Task item: Only the lines in the entries below from the line with "ユリミュージックキャンパス千歳鳥山教室周辺のコンビニエンスストア一覧地図" to the line with "総運![]() | 三觜眞之助さんの総運は35画の4つ星!温厚な性格で感受性が高い。穏和な性格で人望が厚い。", both included, belong in the answer, transcribed exactly and without pictures.

Given entries:
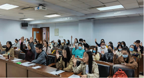 学生代表大会选举监票员、计票员(草案)》,大会审查并举手表决通过,确定辅导员于洋老师为监票人,梁镇玺为计票人。之后各候选人依次向大会作竞选报告,经与会研究生代表无记名投票,研究生辅导员于洋老师宣布最终的选举结果:2022届91国产
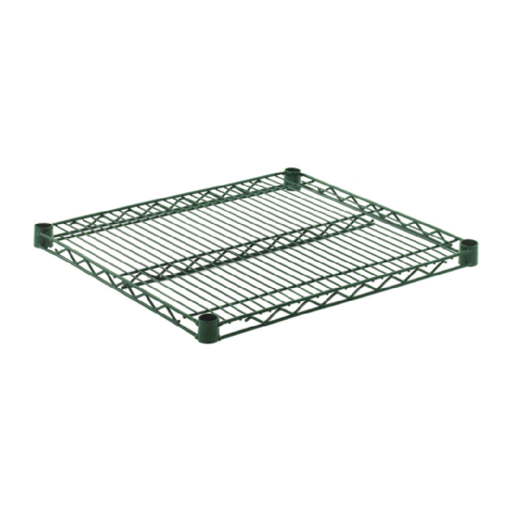 The OlympicJ2124K Shelf Wire 21"-24" is a versatile shelving solution designed to meet the diverse needs of various industries, ranging from retail to food service. With dimensions of 21 inches by 24 inches, this shelf is crafted from high-quality wire, ensuring both durability and a lightweight design. Its green epoxy finish not only provides an aesthetically pleasing appearance but also offers enhanced protection against corrosion, extending the product's lifespan especially in humid environments. The chromate substrate layer further reinforces this shelf's resistance to wear and tear, making it a cost-effective choice for businesses seeking longevity in their storage solutions. Being NSF-certified, the OlympicJ2124K ensures compliance with stringent health and safety guidelines, making it a reliable choice for food storage and preparation areas. This certification underscores its suitability for professional kitchens, supermarkets, and other sanitary-conscious environments. The shelf's design facilitates easy air circulation, which is crucial for maintaining the quality of perishable goods. Whether used in a commercial kitchen, warehouse, or retail space, the OlympicJ2124K Shelf Wire provides a sturdy and efficient storage solution, highlighted by its blend of functionality, durability, and compliance with industry standards.
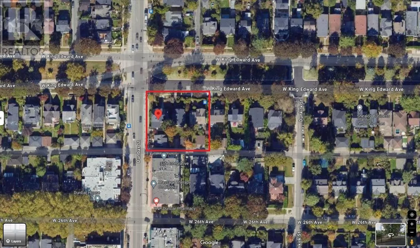 Potential 19,537 SF Land Assembly in the heart of Dunbar. Located on the Southeast corner of Dunbar Street and the tree lined West King Edward Avenue. Currently zoned R1-1 with the options to develop townhomes & seniors residence. Higher density rental and commercial property re-zoning is possible. Potential to re-zone to RR-3B Residential Rental / Retail Ground Floor, 3.0 FSR, Up to 6 stories with 130 Feet of commercial frontage on Dunbar Street. Beautiful City, Ocean and Mountain views from the upper floors of a new development. A great neighbourhood to call home. Just steps to Stong´s Market, Shopper and London Drugs, public transportation, schools and parks. Buyers must contact the City of Vancouver to verify all matters regarding land assembly development. (id:27476)
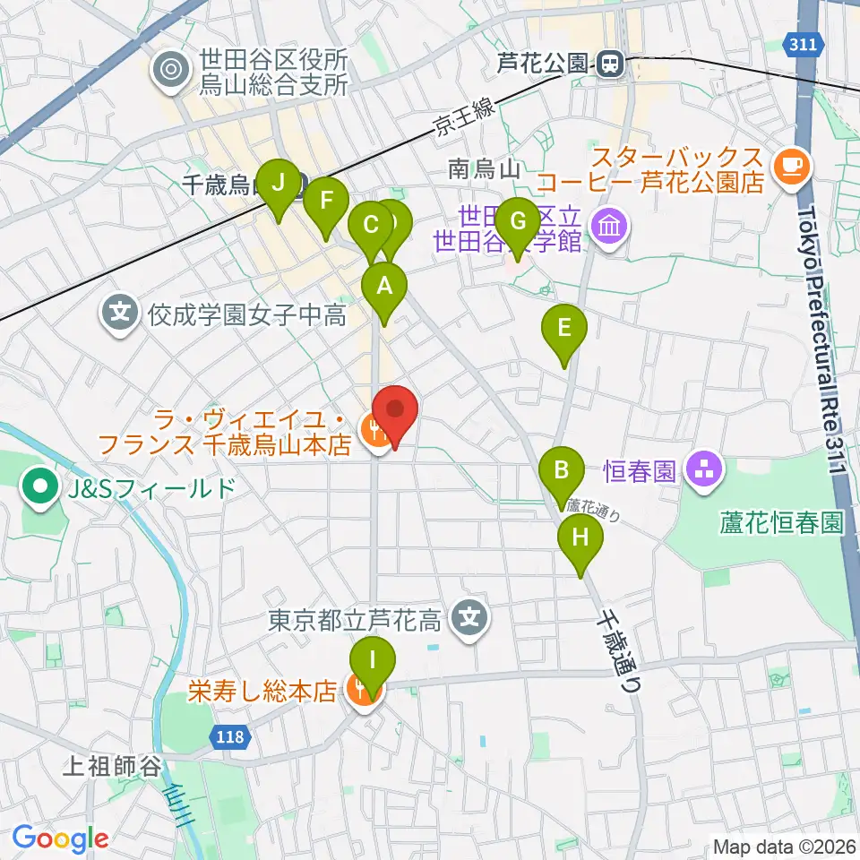 ユリミュージックキャンパス千歳鳥山教室周辺のコンビニエンスストア一覧地図
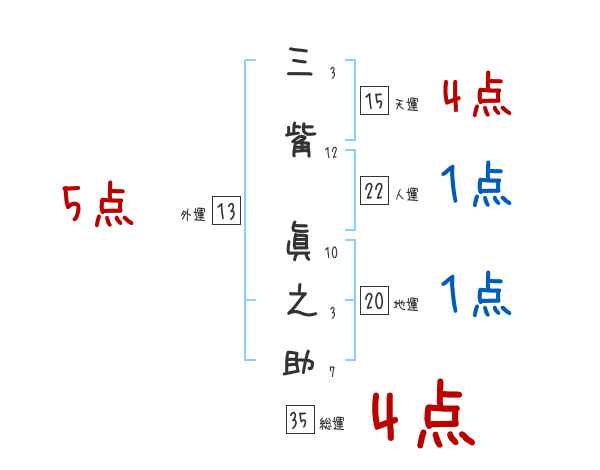 総運![]() | 三觜眞之助さんの総運は35画の4つ星!温厚な性格で感受性が高い。穏和な性格で人望が厚い。 あなたの人生を表す1番重要な運勢です。生涯を通じて影響する総合運となり、主に50歳以降の晩年期に影響を及ぼします。 |
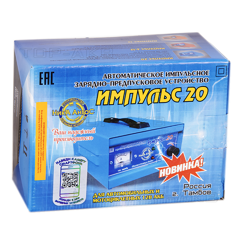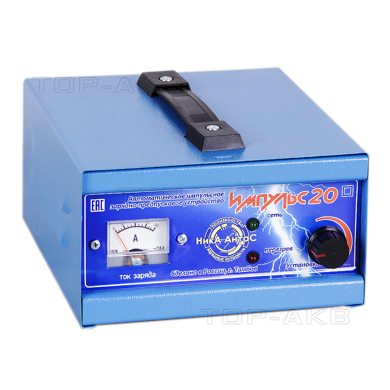 Импульсное зарядно-предпусковое устройство Импульс 20 предназначен для заряда автомобильных и мотоциклетных 12 В АКБ различной емкости в полностью автоматическом режиме с возможностью ручной регулировки силы зарядного тока.
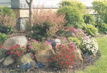 Making good use of a small space, Dave and Lisa Sweeney on Tarbell Avenue have filled their rock garden with dianthus, lobelia, rosyglow barberry and hostas, just to name a few.

Task output:
 ユリミュージックキャンパス千歳鳥山教室周辺のコンビニエンスストア一覧地図
 総運![]() | 三觜眞之助さんの総運は35画の4つ星!温厚な性格で感受性が高い。穏和な性格で人望が厚い。 あなたの人生を表す1番重要な運勢です。生涯を通じて影響する総合運となり、主に50歳以降の晩年期に影響を及ぼします。 |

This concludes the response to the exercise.